Cash from Investing Activities
Cash used in investing activities in the first six months of 2009 consisted primarily of capital purchases of $65.7 million, which include $53.5 million of capital equipment and $12.2 million of land, buildings and improvements. Capitalized software development costs were $38.6 million in the first six months of 2009. Cash was also provided by sales and maturities of short-term investments, net of purchases, of $18.9 million in the first six months of 2009. Cash used in investing activities in the first six months of 2008 consisted primarily of capital purchases of $53.7 million, which includes $46.9 million of capital equipment and $6.8 million of land, buildings and improvements. Capitalized software development costs were $35.2 million. Cash was also provided by sales and maturities of short-term investments, net of purchases, of $55.3 million in the first six months of 2008.
Cash from Financing Activities
The Company’s financing activities for the first six months of 2009 consisted primarily of proceeds from the exercise of stock options of $12.8 million, the excess tax benefits from share based compensation of $6.5 million and repayment of debt of $6.9 million. For the first six months of 2008 the Company’s financing activities consisted primarily of proceeds from the exercise of stock options of $10.4 million, the excess tax benefits from share based compensation of $6.5 million, repayment of debt of $7.2 million and sales of future receivables of $4.7 million.

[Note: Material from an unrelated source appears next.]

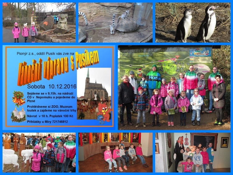 Do Plzně na naši vánoční výpravu se nás vypravilo devatenáct. Čtrnáct dětí a pět dospělých. Počasí nebylo vánoční, ale spíš velikonoční. Svezli jsme se rychlíkem a pak tramvají. K zoologické zahradě už pěšky. Prohlédli jsme si většinu pavilonů a nejvíc se líbili lemuři, želvy, šelmy a vydrýsek. Pěšky jsme došli okolo Kalikova mlýna na náměstí. Shlédli jsme výstavku Plzeňský betlém v radnici města. Prošli jsme vánoční trh okolo kolotoče, stromečku a dřevěného betlému. Prohlédli jsme si muzeum loutek na náměstí, vyzkoušeli maňásky a marionety. Vyfotili jsme u Špejbla a Hurvínka. Pak už nás čekala cesta osvětlenou Plzní a vlakem domů.*MD

The Company believes that its present cash position, together with cash generated from operations, short-term investments and, if necessary, its line of credit, will be sufficient to meet anticipated cash requirements for the remainder of 2009.
The effects of inflation on the Company’s business during the period discussed herein were minimal.
Recent Accounting Pronouncements
In April 2009, the FASB issued FSP SFAS 115-2 and SFAS 124-2, “Recognition and Presentation of Other-Than-Temporary Impairments,” which modifies the recognition requirements for other-than-temporary impairments of debt securities and enhances existing disclosures with respect to other-than-temporary impairments of debt and equity securities. FSP SFAS 115-2 and SFAS 124-2 is effective for interim and annual reporting periods ending after June 15, 2009. On April 5, 2009, the Company adopted FSP SFAS 115-2 and SFAS 124-2, which did not have a material impact on the Company’s consolidated financial statements.
In April 2009, the FASB issued FSP SFAS 107-1 and APB 28-1, “Interim Financial Disclosures about Fair Value of Financial Instruments”, which amends SFAS 107, “Disclosures about Fair Value of Financial Instruments”, to require disclosures about fair value of financial instruments for interim reporting periods of publicly traded companies as well as in annual financial statements. The FSP also amends APB Opinion No. 28, “Interim Financial Reporting”, to require those disclosures in summarized financial information at interim reporting periods. This interpretation is effective for interim reporting periods ending after June 15, 2009. On April 5, 2009, the Company adopted FSP 107-1 and APB 28-1, which did not have a material impact on the Company’s consolidated financial statements. For additional information, see Note (4) — Fair Value Measurements.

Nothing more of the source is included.